- [Directions]:
Each line of the records has to be copied exactly, though the pictures must be left out.

- [Input data]:
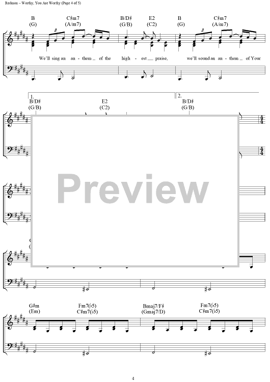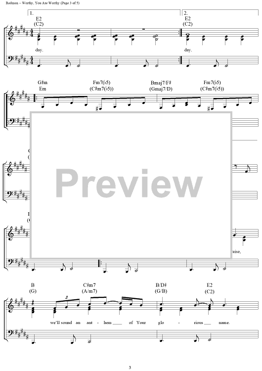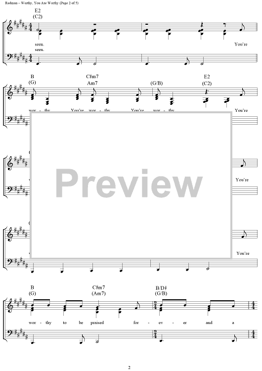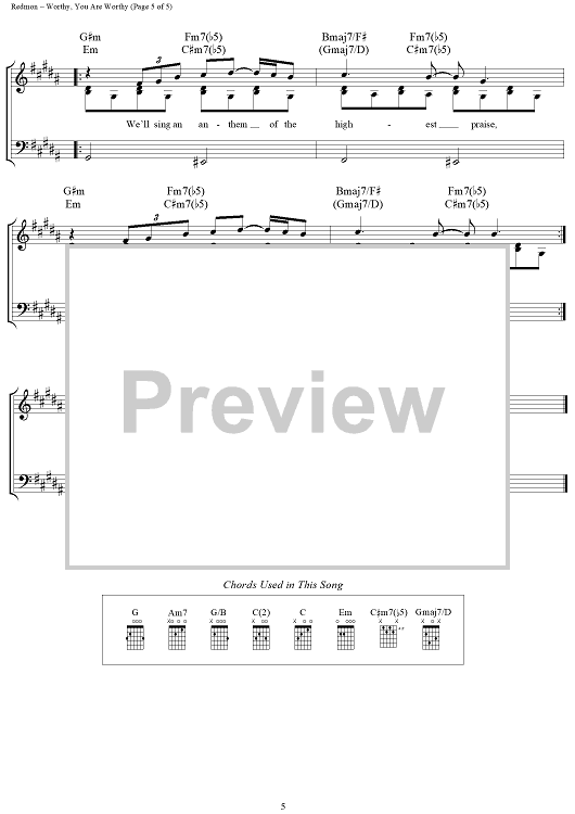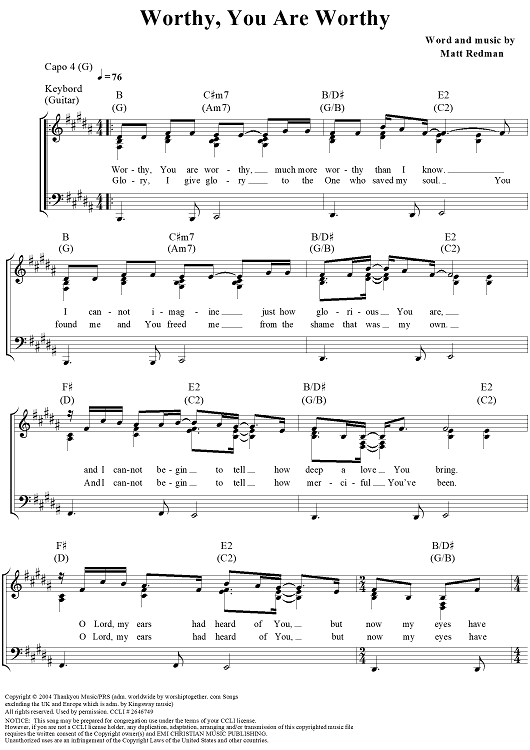 Digital Sheet Music for Worthy, You Are Worthy by Matt Redman scored for Piano/Vocal/Chords; id:360944
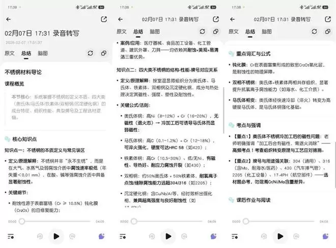 在录音转写完成之后,哈趣Popvee Link APP提供了五种不同的模型对转写生成的笔记进行分析,虽然转写中出现了一些错误,但我们使用课堂笔记对它进行分析提炼,同样可以生成完善的总结,包括概览,核心知识点以及考点与强调,甚至连课后作业和扩展阅读也有提供。
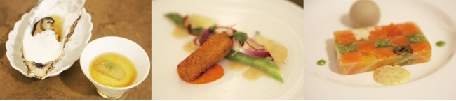 コースの最初に出る「85℃の能登牡蠣 レフォールクリームとキャロットムース」や「オマール海老のリゾットコロッケ 蟹とアスパラガスのサラダ添え」「トラウトサーモンのマリネと野菜のモザイク」は、ボジョレー地区に隣接するマコネ地区のシャルドネ種100%から作られる白ワインの新酒「マコン・ヴィラージュ・プリムール」とのペアリングでお楽しみください。
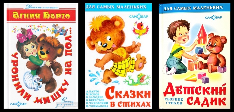 Но если быть честной, то я до этого уже делала заказ для дочки, когда была ещё беременна. Заказала тут, в Германии, три книги Самовара, потому что выбор был не особо большой. Кстати, они вполне неплохие, но Барто у нас я заменила, "Сказки в стихах" куда-то положила - там тоже много пересечений с другими имеющимся книгами, а "Детский садик" так и живёт на полочке и изредка читается.
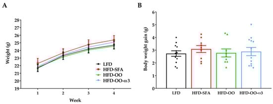 The growth of the mice was analysed while they received each diet by weighing them weekly. After four weeks on the experimental dietary regime, no differences in body weight (Figure 2A) or gains in body weight (Figure 2B) were found between the mice in the LFD, HFD-SFA, HFD-OO, or HFD-OO-ω3 groups.
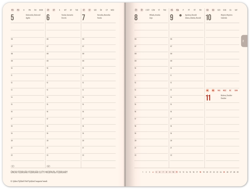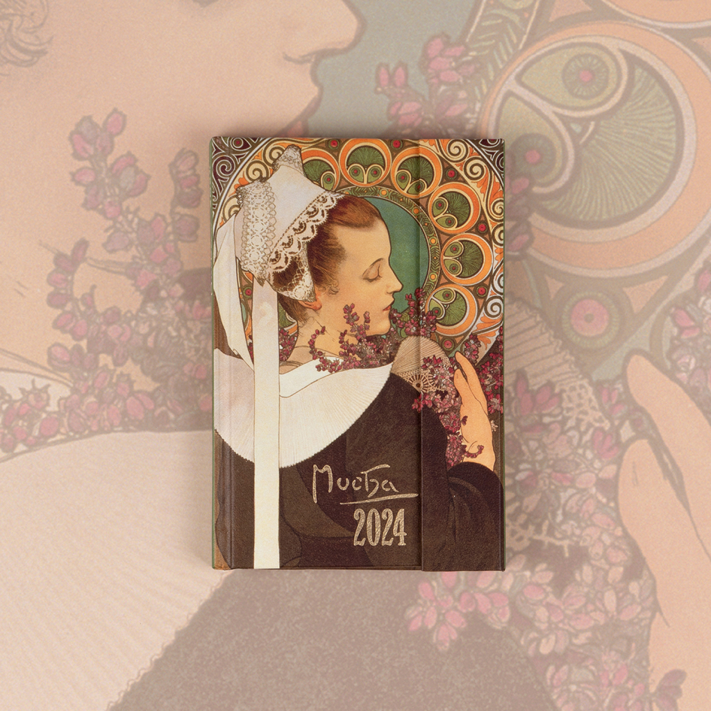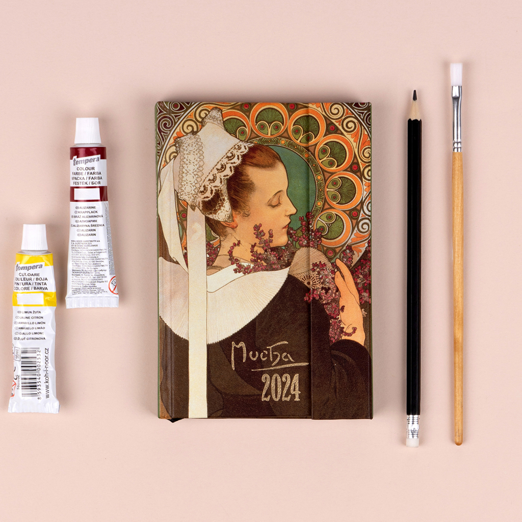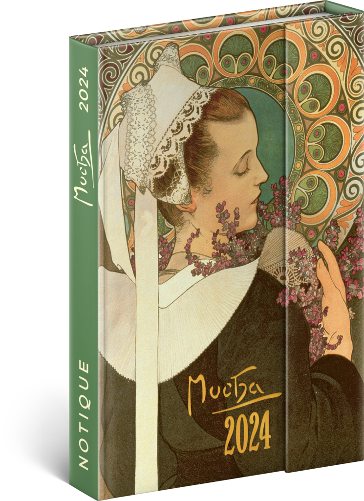 Šestijazyčný týdenní diář s magnetickým uzavíráním obsahuje přehled mezinárodních svátků, seznam českých a slovenských jmen, přehled roku 2024 a 2025, adresář a kapsičku na zadní předsádce. Sloupcové rozvržení s prostorem pro poznámky na každý den. Diář doplňují obrazy oblíbeného secesního malíře Alfonse Muchy.

- [Answer space]:
 Digital Sheet Music for Worthy, You Are Worthy by Matt Redman scored for Piano/Vocal/Chords; id:360944
 在录音转写完成之后,哈趣Popvee Link APP提供了五种不同的模型对转写生成的笔记进行分析,虽然转写中出现了一些错误,但我们使用课堂笔记对它进行分析提炼,同样可以生成完善的总结,包括概览,核心知识点以及考点与强调,甚至连课后作业和扩展阅读也有提供。
 コースの最初に出る「85℃の能登牡蠣 レフォールクリームとキャロットムース」や「オマール海老のリゾットコロッケ 蟹とアスパラガスのサラダ添え」「トラウトサーモンのマリネと野菜のモザイク」は、ボジョレー地区に隣接するマコネ地区のシャルドネ種100%から作られる白ワインの新酒「マコン・ヴィラージュ・プリムール」とのペアリングでお楽しみください。
 Но если быть честной, то я до этого уже делала заказ для дочки, когда была ещё беременна. Заказала тут, в Германии, три книги Самовара, потому что выбор был не особо большой. Кстати, они вполне неплохие, но Барто у нас я заменила, "Сказки в стихах" куда-то положила - там тоже много пересечений с другими имеющимся книгами, а "Детский садик" так и живёт на полочке и изредка читается.
 The growth of the mice was analysed while they received each diet by weighing them weekly. After four weeks on the experimental dietary regime, no differences in body weight (Figure 2A) or gains in body weight (Figure 2B) were found between the mice in the LFD, HFD-SFA, HFD-OO, or HFD-OO-ω3 groups.
 Šestijazyčný týdenní diář s magnetickým uzavíráním obsahuje přehled mezinárodních svátků, seznam českých a slovenských jmen, přehled roku 2024 a 2025, adresář a kapsičku na zadní předsádce. Sloupcové rozvržení s prostorem pro poznámky na každý den. Diář doplňují obrazy oblíbeného secesního malíře Alfonse Muchy.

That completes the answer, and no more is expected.